Subnautica 2 dev says it won’t act against players over EULA

Subnautica 2 dev says it won't act against players over EULA

Steam chat lit up. Screenshots of a contract that felt off were pasted everywhere. You could almost hear the collective intake of breath.

I follow these things for a living, and I’ll tell you what I saw: players furious, press circling, and a developer saying they won’t punish anyone for following the game’s basic social life. You deserve clarity, not legal theater.

Subnautica 2 swimming.
It’s a shame for such a good game to be wrapped in such draconian nonsense. Image via Krafton

On day one Discord and forums exploded — the EULA read like a legal straitjacket.

I went through the agreement line by line so you don’t have to. It’s full of clauses that will make any content creator, streamer, or modder pause: you’re licensed, not an owner; Krafton can alter terms or yank the license without advance notice; and arbitration in California replaces your right to a jury.

Rock Paper Shotgun flagged a ban on VPNs—no “IP proxying or other methods to disguise the location of your use or device”—and PC Gamer highlighted a clause that forbids harming the reputation of the “documentation,” which would technically reach negative coverage.
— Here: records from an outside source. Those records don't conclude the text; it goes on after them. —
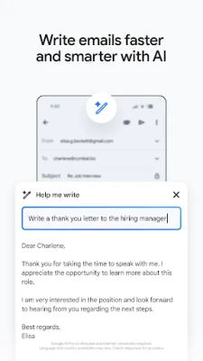 Osana Google Workspace'ist võimaldab Gmail teil sujuvalt suhelda, luua ja koostööd teha. Sukelduge koostöösse Google Chati kaudu, kus saate vestelda, organiseerida projekte ja hallata meeskonnaliikmeid spetsiaalsetes ruumides. Korraldage või liituge kõrge kvaliteediga videokoosolekutega Google Meeti abil otse rakendusest. Hallake oma ajakava, vastates Google'i kalendri kutsetele otse Gmaili keskkonnast ja säästke aega kontaktide nimede automaatse täitmisega. See terviklik platvorm tagab, et teie ja teie tiim püsite ühenduses ja produktiivsed, ilma et peaksite Gmaili rakendusest lahkuma.
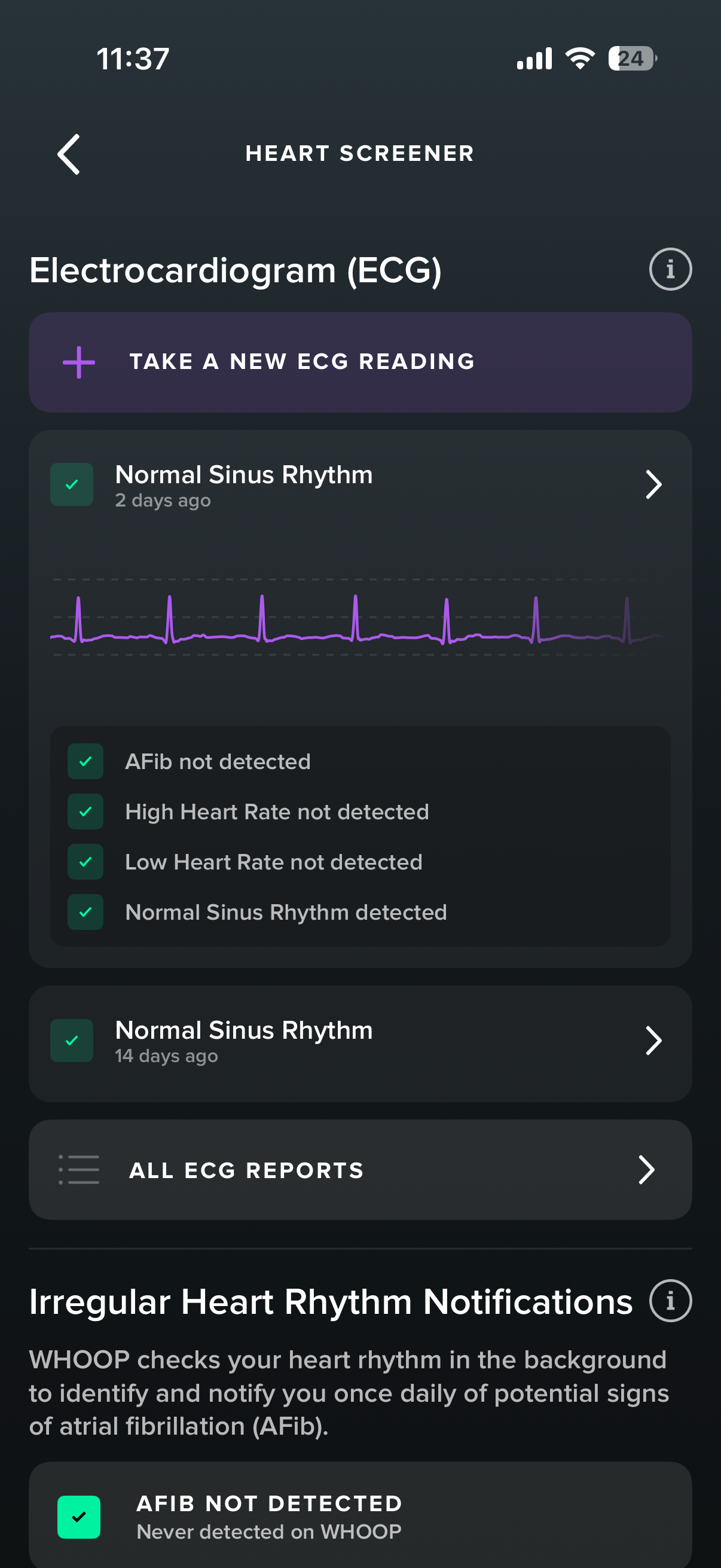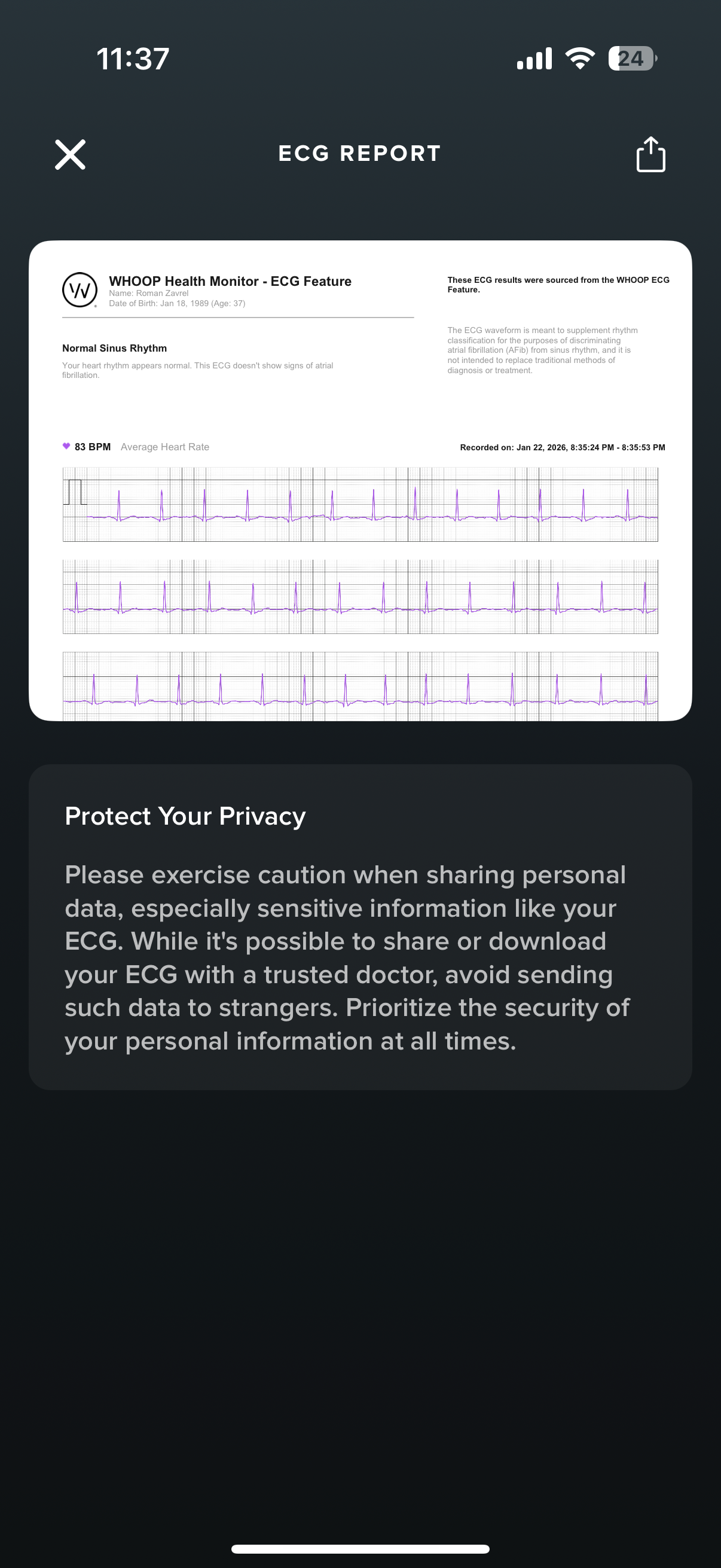 Jediné, co mi u Whoop MG vadí, je fakt, že měření EKG není možné vyvolat bez nutnosti zapnout aplikaci. Stačilo by, kdyby Whoop dovolil aktivovat měření EKG jednoduše tím, že přiložíte prsty na senzory, a po skončení měření vám dal haptickou odezvu. EKG si většinou měříte v situaci, kdy vám je opravdu špatně, cítíte bušení srdce nebo něco podobného, a nemáte zájem zapínat aplikaci a proklikávat se k zahájení měření. To je věc, na které bych byl opravdu rád, aby Whoop zapracoval.
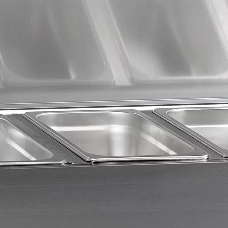 Professzionális GN1/4 edényekhez kialakított feltéthűtő, statikus hűtéssel, rozsdamentes acél fedéllel. Ideális pizzériákba, gyorséttermekbe és szendvicsbárokba, ahol fontos a gyors és higiénikus előkészítés. Tartós SS201 rozsdamentes acél kivitel, manuális leolvasztás, megbízható működés. A hozzávalók mindig kézközelben, optimális hőmérsékleten tarthatók.
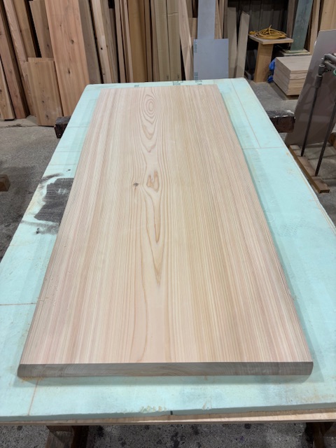 先日引渡しを終えたお宅に設置した桧の無垢カウンターの残りがあります。

There’s also a demand that any video, stream, or clip carrying game footage include a visible notice stating the work is governed by the EULA and not affiliated with Krafton. Break those rules and you risk losing your license. Even running the game on a second machine without paying again may violate the agreement.

Is Subnautica 2’s EULA enforceable?

Short answer: it depends on where you live. Many clauses—forced arbitration, forum selection, broad IP grabs—can be enforceable in the U.S., especially if the platform (Steam) and publisher (Krafton) build the wording carefully. In Europe and several other jurisdictions, consumer-protection rules often trim back the worst excesses.

I’m not giving legal advice, but practical reality matters: courts routinely push back on terms that are unconscionable or hidden. Still, the presence of an aggressive EULA raises the immediate risk of chilling community activity until language changes.

On the other side, the developers posted on Discord — Unknown Worlds said they won’t take action against players.

You need to know who’s who. Unknown Worlds, the studio behind Subnautica 2, told the community they will “obviously never take any action against any player” for playing, streaming, or sharing on platforms like Twitch and YouTube, and confirmed Proton/Linux compatibility and Steam Deck verification. They also said a team member is actively reviewing the EULA wording.

The messaging is reassuring, but it also exposes the split between studio intent and publisher control: Krafton is the publisher here, and publishers often draft the legal docs. That mismatch is why headlines ran wild and why streamers initially panicked.

Can Krafton revoke my license or ban me for streaming?

Technically, the EULA’s language could allow revocation. Practically, the studio’s public promise and platform norms make enforcement unlikely for typical creators. Platforms like Steam and services like Twitch and YouTube all have their own policies, which usually protect normal streaming behavior—but the specter of an overbroad clause is enough to push creators to screenshot and archive communications until the wording is fixed.

On social channels you could see the community reacting like a pressure cooker — mods, monetization and press all had questions.

Here’s what I recommend you do right now: take screenshots of the current EULA and public dev statements, avoid monetizing mods that explicitly use the game’s assets for profit, and keep streaming and sharing as normal while keeping receipts. If you rely on Proton or Steam Deck, Unknown Worlds explicitly named those as supported. If you use a VPN for privacy, be cautious but also aware many VPN bans are more about regional licensing than punishing players.

Reporters are already testing the language—PC Gamer ran a story noting that even coverage could technically violate the “reputation” clause—and that’s why the developer response matters. You should treat the Discord post as a de-escalation, not an ironclad legal shield.

I’ve followed disputes like this before; they tend to resolve one of two ways: the publisher edits the terms after a media storm, or the community forces a meaningful discussion about what players actually own. The faster the fix, the less long-term damage to goodwill and to the game’s mod scene.

So where does that leave you, the player or creator? Keep doing what you do—stream, clip, mod within noncommercial limits—and keep screenshots of any worrying language. Watch the EULA for updates and the developer channels for confirmation that the wording has changed to match their promises. Do you trust publishers to fix this without public pressure, or will this become another moment where the industry is forced to answer for its contracts?